- Records for the task -
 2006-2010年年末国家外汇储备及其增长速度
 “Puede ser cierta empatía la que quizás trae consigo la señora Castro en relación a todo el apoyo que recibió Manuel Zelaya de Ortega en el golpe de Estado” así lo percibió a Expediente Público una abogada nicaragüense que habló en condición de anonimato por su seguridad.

---

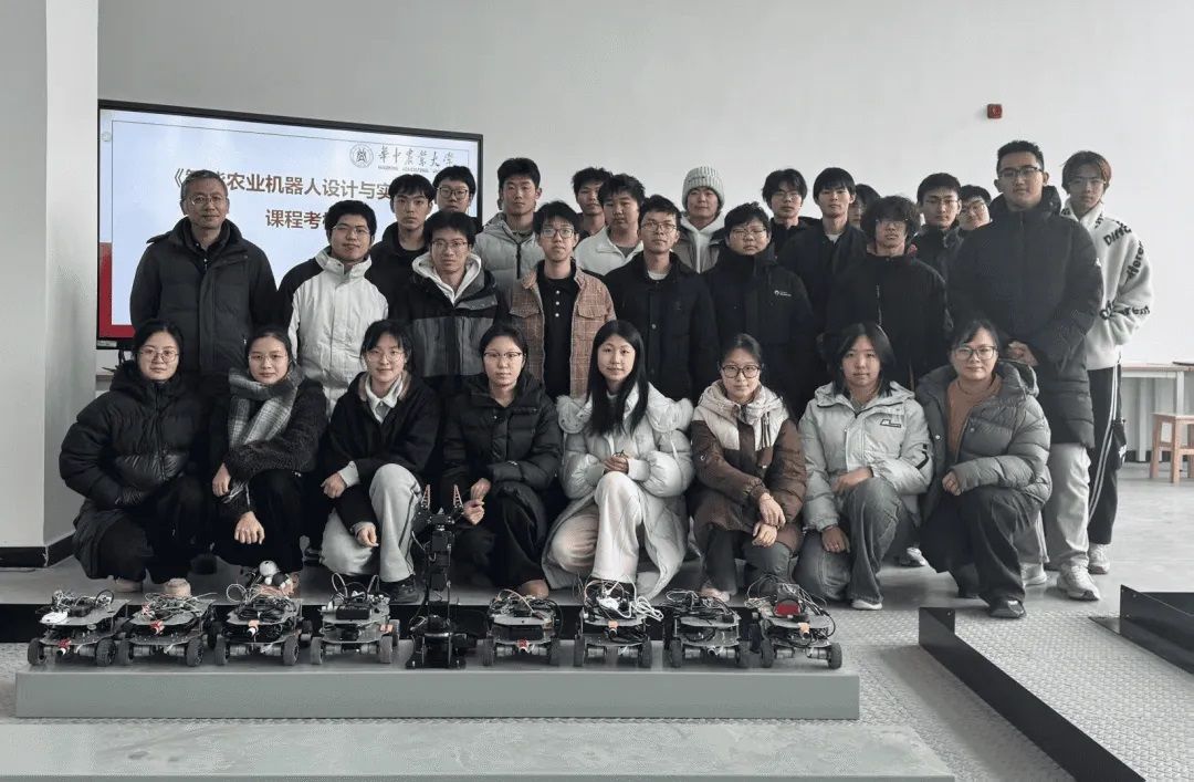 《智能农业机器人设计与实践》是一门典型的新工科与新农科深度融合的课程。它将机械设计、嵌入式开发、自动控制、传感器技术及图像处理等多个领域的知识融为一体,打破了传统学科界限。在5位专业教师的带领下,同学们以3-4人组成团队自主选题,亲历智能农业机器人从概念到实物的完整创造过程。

- Problem to work on -
In the listing above, find the line holding "2006-2010年年末国家外汇储备及其增长速度" and the line holding "por su seguridad.", then output those two lines and every line between them exactly.

- Expected answer -
 2006-2010年年末国家外汇储备及其增长速度
 “Puede ser cierta empatía la que quizás trae consigo la señora Castro en relación a todo el apoyo que recibió Manuel Zelaya de Ortega en el golpe de Estado” así lo percibió a Expediente Público una abogada nicaragüense que habló en condición de anonimato por su seguridad.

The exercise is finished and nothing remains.